Он выучился, воевал и честно работал. За честность они позволили ему достигнуть многого, кроме главной и ослепительной мечты. Из семнадцати изобретений, запатентованных по всем правилам, для кандидатской хватило бы и одного. Об этом он заикнулся лишь однажды, лет через десять после рождения старшей дочери, рассудив, что времени, прошедшего от главной смерти, уже достаточно. С тех пор минуло еще десять лет, и теперь все чаще он думал о том, что их отказ - не случайность. Безошибочно, из всех его желаний, они выбрали самое жгучее, словно видели насквозь. Именно поэтому, думая о будущем дочери, он радовался тому, что никогда она не принимает серьезный тон, говоря об аспирантуре. Этот тон - в сравнении с его упущенными - дает ей верные шансы их обмануть.

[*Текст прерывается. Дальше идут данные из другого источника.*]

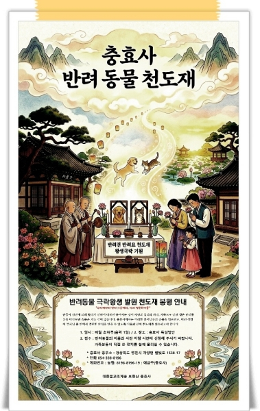 반려동물을 가족처럼 여기는 인식이 확산되면서, 떠난 반려동물을 기리는 ‘천도제’가 새로운 추모 문화로 자리 잡고 있다.최근 전국 사찰에서는 반려견과 고양이를 위한 천도재가 잇따라 열리며 반려인들의 발길이 이어지고 있다. 천도재는 불교에서 망자의 극락왕생을 기원하는 의식으로, 이를 반려동물에게까지 확장한 것이다.천도재가 진행되는 법당에는 위패 대신 반려동물의 사진이 놓이고, 생전에 좋아하던 사료나 간식, 장난감 등이 함께 올려진다. 보호자들은 이름을 부르며 마지막 인사를 건네거나, 눈물을 흘리며 기도를 올리는 모습도 쉽게 볼 수 있다.불교계는 이러한 흐름에 대해 자연스러운 변화라는 입장이다. 불교에서는 모든 생명이 윤회를 거듭하는 존재로 보기 때문에 동물 역시 천도를 통해 더 나은 삶으로 나아가길 기원할 수 있다는 설명이다.특히 반려동물 인구 1000만 시대에 접어들면서 ‘펫로스 증후군’을 겪는 이들이 증가한 것도 배경으로 꼽힌다. 가족과 같은 존재를 잃은 상실감을 해소하기 위한 심리적 치유 과정으로 천도제가 주목받고 있다는 분석이다.영천시 자양면 위치한 충효사도 매월 초하루(음력1일) 반려동물 극락왕생 발원천도재를 봉행하고 있다.충효사는 반려동물뿐 아니라 유기동물, 실험동물 등을 위한 합동 천도재도 함께 진행하며 생명 존중의 의미를 확장하고 있다.이처럼 반려동물과의 이별을 기리는 방식이 다양해지면서, 천도제는 단순한 종교 의식을 넘어 현대 사회의 새로운 추모 문화로 자리매김하고 있다.

Вряд ли он мог объяснить, почему именно сегодня в первый раз заговорил серьезно, но, глянув в ее глаза, пожалел о сказанном. Он думал о том, что совершил какую-то ошибку, и этого уже нельзя исправить. Проиграв в третий раз, дочь отложила карты. Если б можно было взять обратно, он дорого дал бы за то, чтобы, начав игру заново, не произносить серьезных слов.

"Машенька, - мама заглянула в комнату, - забыла сказать: тебе вчера звонили... Молодой человек..." Маша обернулась: кроме Юлия - некому. Не звонил давно. За эти месяцы она почти забыла о его существовании. "Молодой человек?" - отец глядел беззащитно.

Юлий подошел сразу, как будто дожидался звонка. Он говорил сдержанно - Маша отметила перемену. В том, что звонил, Юлий не признался - она не стала спрашивать. Скорее из вежливости, заранее уверенная в благоприятном ответе, Маша поинтересовалась здоровьем его отца. "Он умер", - голос остался ровным. "Но он же..." Его отец шел на поправку. Она осеклась. Что-то похожее на обиду поднялось в сердце - ей-то он мог сообщить.

"Из больницы выписался, врачебный прогноз - самый благоприятный, дали направление в санаторий. Хороший - в Дюнах".
– Юлий перечислял монотонно, как будто подробности, выстроенные в правильную последовательность, могли объяснить исход. "И - что?" - "Сердце. Второй инфаркт". Он замолчал. "Где... Где похоронили?" - Она понимала, что мучает вопросами, но не могла остановиться. Юлий назвал Преображенское, и, помедлив, Маша сказала, что хочет съездить. "Хорошо", - он согласился.

Стыд за давнюю больничную выходку стегал жгучим хлыстом. Не уворачиваясь от ударов, она видела лицо, поросшее щетиной, теперь уже преданное земле. Земля была тяжелой и влажной - гроб, доставленный на Преображенское, опустили в воду. Если бы сообщили, уж как-нибудь она сумела бы справиться с кладбищенскими.

Так и не узнала имени - отец и отец... Отцовские веки, выпуклый лоб, подглазья, залитые темным. Снова все путалось, как в больнице. Веки вздрагивали едва заметно, как будто душа, воплощенная в разных еврейских телах, лежала, погребенная заживо. Не трогаясь в небо, она стыла под сводом ленинградской земли.